- Extracted entries

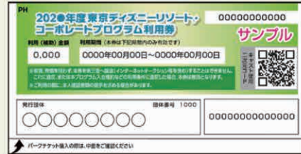
コーポレートプログラム利用券

利用券に記載されている利用(補助)金額分が、パークチケット価格や ディズニーホテル宿泊費から差し引かれる形でご利用できます。
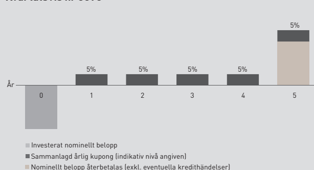
Illustration - Kreditcertifikat Investment Grade Europa Kvartalsvis nr 3893

Utbetalning av kupongerna sker kvartalsvis från och med den 9 juli 2020 fram till och med 9 januari 2025. Utbetalning baseras på antalet dagar i förhållande till ett helt år som har passerats under innevarande år. Första årets sammanlagda kupong kan därför vara lägre eller högre beroende på om perioden är kortare eller längre än ett år. Denna förenklade illustration visar den indikativa kupongen om 5% per år.
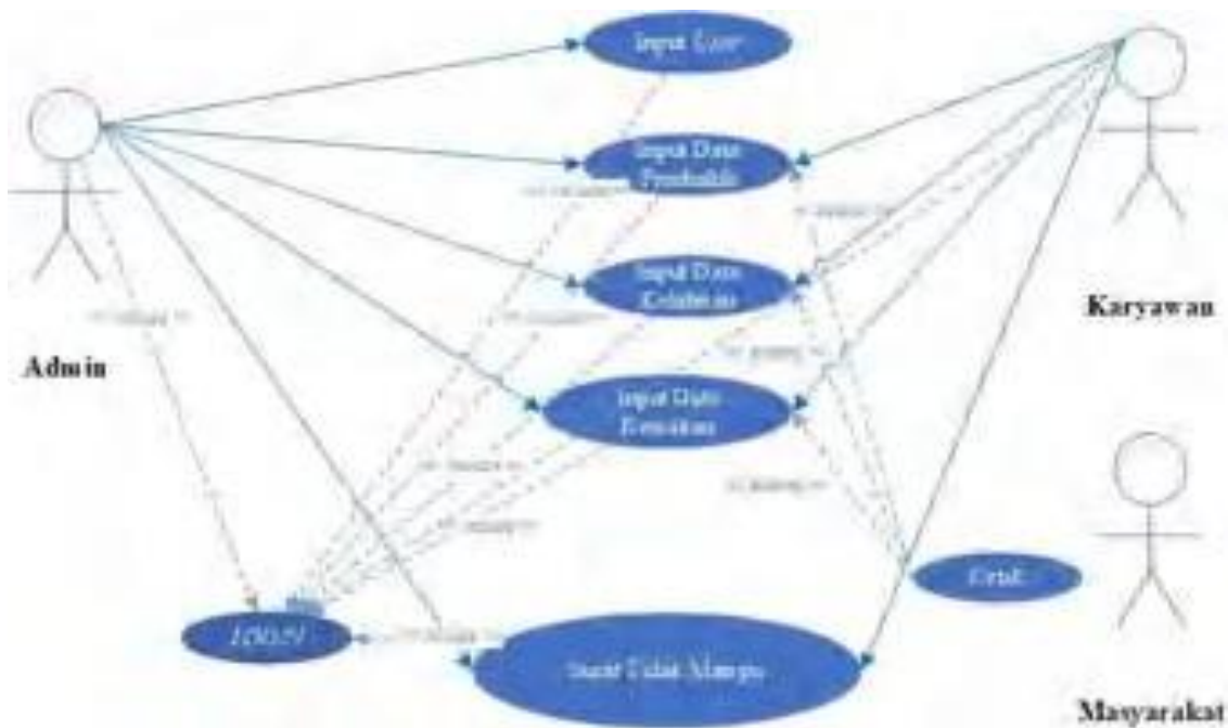
Gambar 3. Use Case Diagram Aplikasi Kependudukan

Use case diagram akan menjelaskan interaksi aplikasi dengan para aktor, sebagai berikut ini :

- Directions for this task
Out of the records above, return only the lines from the one with "Utbetalning av kupongerna" through the one with "Gambar 3. Use", exactly, and none of the pictures.

- Result
Utbetalning av kupongerna sker kvartalsvis från och med den 9 juli 2020 fram till och med 9 januari 2025. Utbetalning baseras på antalet dagar i förhållande till ett helt år som har passerats under innevarande år. Första årets sammanlagda kupong kan därför vara lägre eller högre beroende på om perioden är kortare eller längre än ett år. Denna förenklade illustration visar den indikativa kupongen om 5% per år.
Gambar 3. Use Case Diagram Aplikasi Kependudukan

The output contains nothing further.